Love wave

Model

We assume the following subsurface resistivity distribution with 4 layers:

Layer #	thickness (m)	$V_s(km{s}^{-1}$)	$\rho (gc{m}^{-3}$)
1	8000	4	2
2	4000	3.5	2
3	8000	4.2	2
4	$\mathrm{\infty }$	7.65	2

The LWModel is defined as :

vs = [3.2, 4.39731, 4.40192, 4.40653, 4.41113, 4.41574]
ρ = [2.6, 3.38014, 3.37797, 3.37579, 3.37362, 3.37145]
h = [20.0, 20.0, 20.0, 20.0, 20.0] .* 1e3
m = LWModel(vs, h, ρ)

1D Love Wave Model
┌───────┬────────┬──────────┬───────────┬──────────┐
│ Layer │     vₛ │        h │         z │        ρ │
│       │ [km/s] │      [m] │       [m] │ [kg⋅m⁻³] │
├───────┼────────┼──────────┼───────────┼──────────┤
│     1 │   3.20 │ 20000.00 │  20000.00 │      2.6 │
│     2 │   4.40 │ 20000.00 │  40000.00 │     3.38 │
│     3 │   4.40 │ 20000.00 │  60000.00 │    3.378 │
│     4 │   4.41 │ 20000.00 │  80000.00 │    3.376 │
│     5 │   4.41 │ 20000.00 │ 100000.00 │    3.374 │
│     6 │   4.42 │        ∞ │         ∞ │    3.371 │
└───────┴────────┴──────────┴───────────┴──────────┘

Code for this figure

fig = Figure()
ax = Axis(fig[1, 1]; xlabel="Vs (km/s)", ylabel="depth (m)", backgroundcolor=(
    :magenta, 0.05))

plot_model!(ax, m)

Warn

Always use Float64 or Float32 types while defining the vectors for velocities, densities and thickness. Using Int will throw an InexactError, e.g. : InexactError: Int64(4193.453970907305)

Response

To obtain the response, that is the dispersion curve c.

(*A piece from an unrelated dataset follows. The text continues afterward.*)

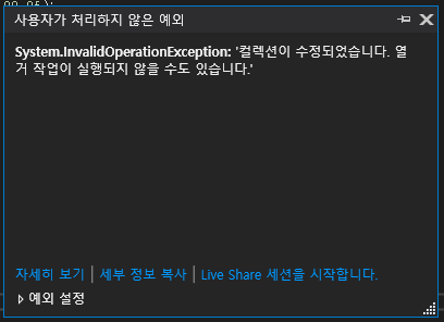 안녕하세요, MoonLight입니다. C#에서 Multi Thread or Task 작업 중에 'System.InvalidOperationException: 컬렉션이 수정되었습니다. 열거 작업이 실행되지 않을 수도 있습니다.'라는 Exception을 보신적이 있을 것입니다. Multi Thread 혹은 Multi Task을 사용하다 보면 여러 Thread or Task에서 공통으로 사용해야 하는 값들이 있을 것입니다. 흔히 이것을 공유 자원이라고 하고 공유 자원을 여러 Thread에서 잘 사용할 수 있도록 조절하는 것을 동기화라고 하죠. 결론적으로, 동기화 문제를 해결하는 방법은 하나의 Thread에서 공유 자원을 사용하고 있으면 다른 Thread들에서는 사용하지 못하게 막는 것입니다. ..

We first need to define the frequencies :

freq = exp10.(-2:0.1:1)
T = inv.(freq)

31-element Vector{Float64}:
 100.0
  79.43282347242813
  63.09573444801933
  50.11872336272722
  39.810717055349734
  31.622776601683796
  25.118864315095795
  19.9526231496888
  15.848931924611133
  12.589254117941675
   ⋮
   0.6309573444801932
   0.5011872336272724
   0.39810717055349726
   0.31622776601683794
   0.251188643150958
   0.199526231496888
   0.15848931924611132
   0.1258925411794167
   0.1

and then call the forward dispatch and get SurfaceWaveResponse:

resp = forward(m, T)

Code for this figure

fig = Figure() #size = (800, 600))
ax = Axis(fig[1, 1]; backgroundcolor=(:magenta, 0.05), aspect=AxisAspect(1))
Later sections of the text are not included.